JOYY Inc is a global entertainment and lifestyle company that operates a portfolio of media and video-sharing platforms. It has an extensive network of mobile and web applications distributed across its three major brands, namely YY, Bigo Live and HUYA. As of 2023, the company has a market cap of 2.11 billion dollars, making it one of the largest entertainment companies in the world. Additionally, JOYY has a return on equity (ROE) of 7.54%, signifying its strong financial fundamentals, and demonstrating to investors that the company is able to generate returns on its equity investments.
– Brave Bison Group PLC ($LSE:BBSN)
Brave Bison Group PLC is a social media company that operates several channels and platforms, including YouTube, TikTok, and Twitter. It has a market capitalization of 37.01M, which is an indicator of its success in the market. Brave Bison Group PLC has also generated an impressive return on equity (ROE) of 10.86%, indicating that the company is extremely efficient in using its equity to generate profits. This is a positive sign for investors who are looking for companies with good financial health.

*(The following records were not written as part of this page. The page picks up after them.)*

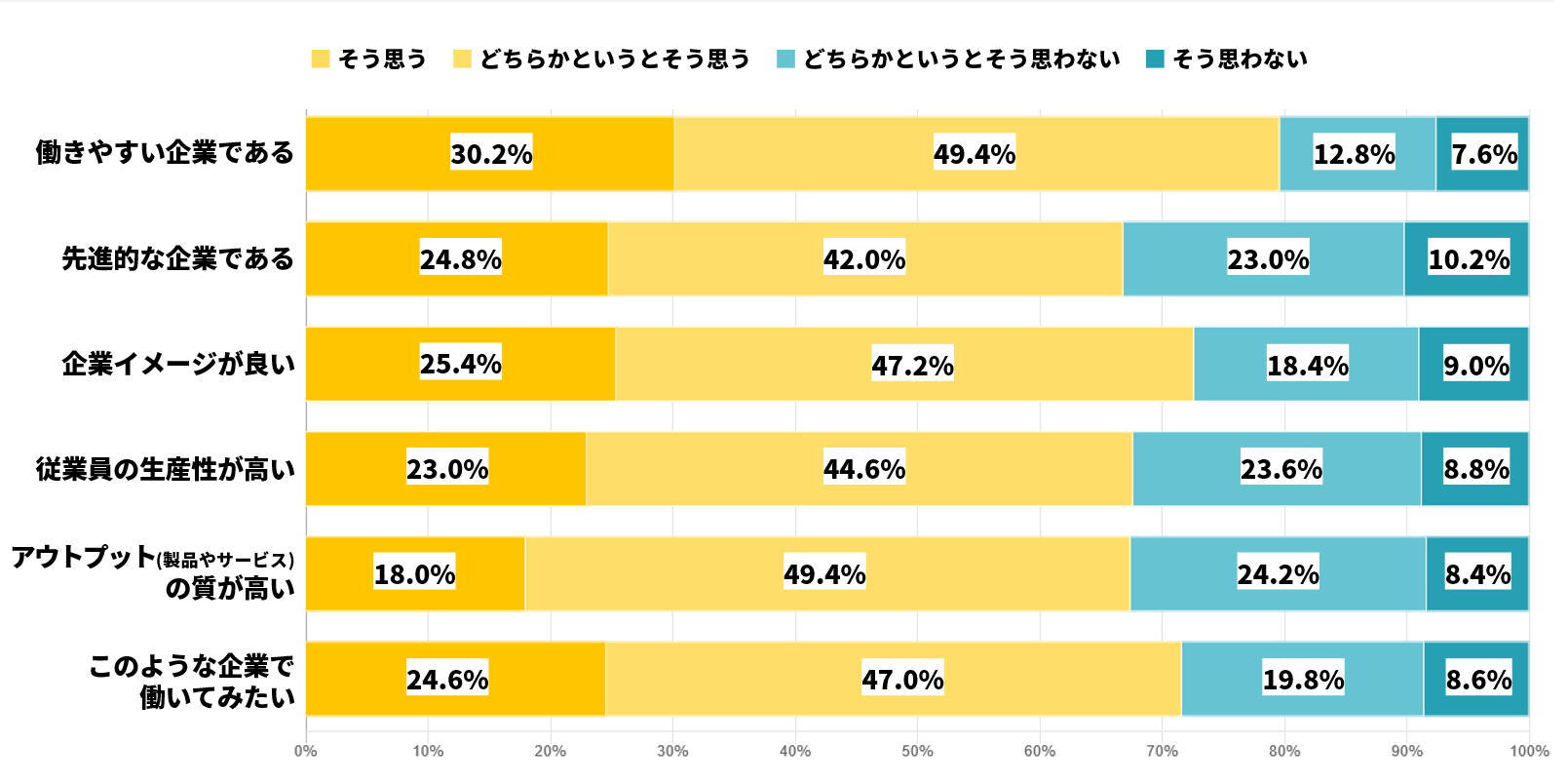 次に、『昼寝スペース』や『仮眠スペース』を従業員のために用意している会社に対してどのような印象を持っているか質問しました。結果、「働きやすい企業である」「先進的な企業である」「企業イメージが良い」「従業員の生産性が高い」「アウトプット(製品やサービス)の質が高い」「このような企業で働いてみたい」の全てにおいて、「そう思う」「どちらかというとそう思う」の合計が約7割という高い結果となりました。
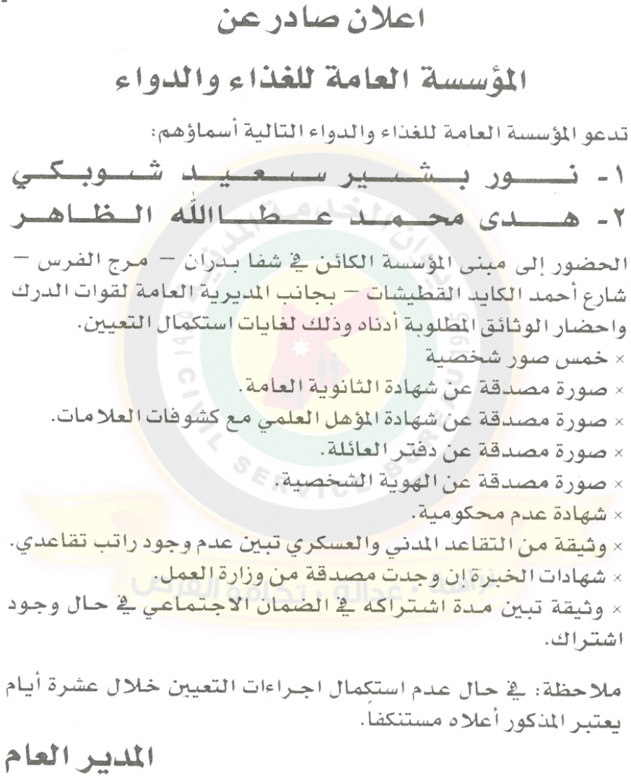 مدعوون للتعيين في مختلف الوزارات و المؤسسات الحكومية - أسماء
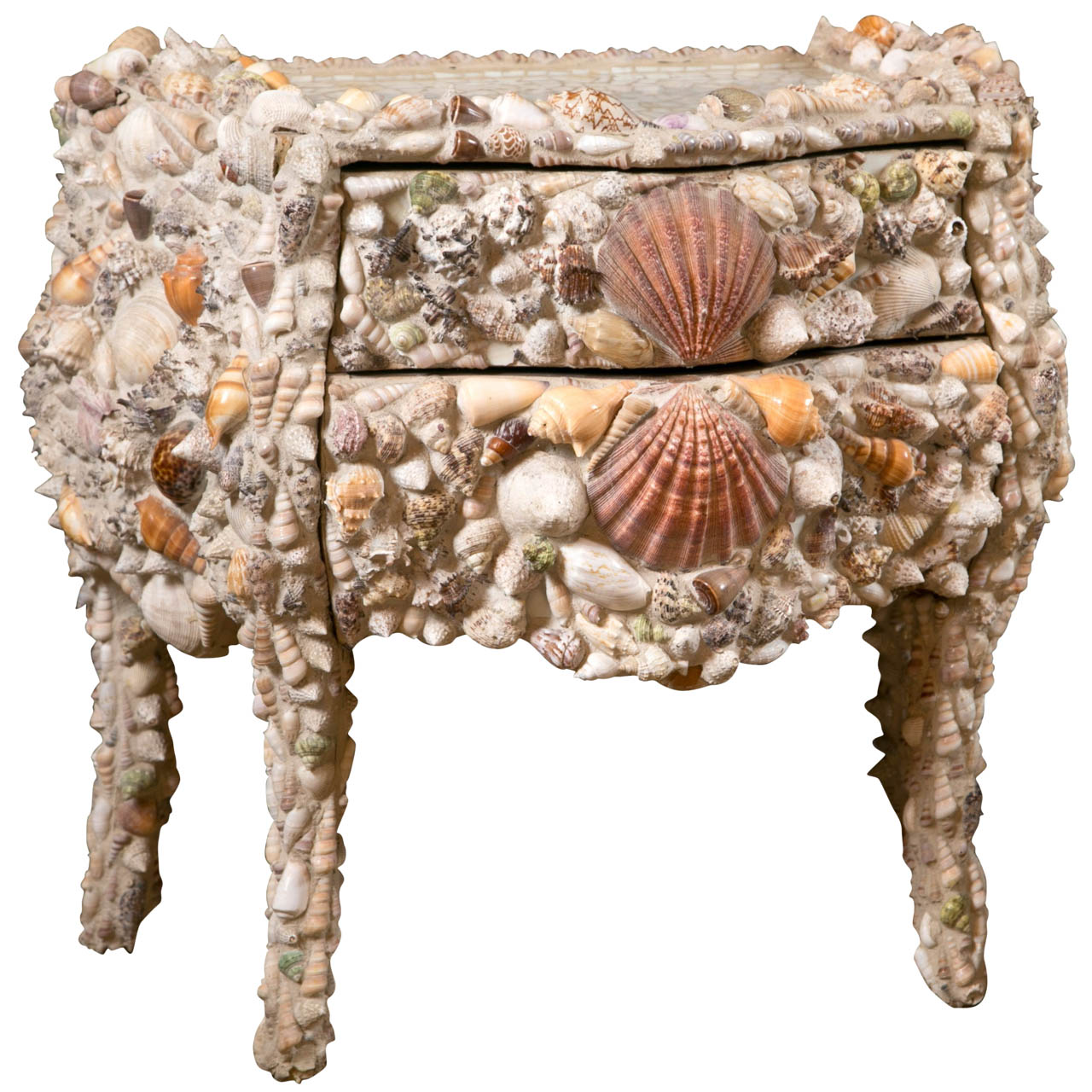 Para além da decoração de pequenos objetos, podes utilizar os búzios e conchas como fator surpresa na decoração de peças de mobiliário. Mesas, armários, aparadores, …, tudo ganha outra vida com um mosaico de conchas.

Investors may have been pleased with the substantial increase in GETTY IMAGES‘ total revenue from the second quarter of fiscal year 2023 compared to the same quarter of the prior year. However, they may have been disappointed to find the company reported a net income loss of USD -4.1 million, a steep decline compared to the USD 31.7 million earned in the same quarter of the previous year. This likely resulted in a selloff of stock prices on June 30th. Investors should closely monitor how GETTY IMAGES performs over the following quarters to see if its financial performance improves, or if further losses are incurred.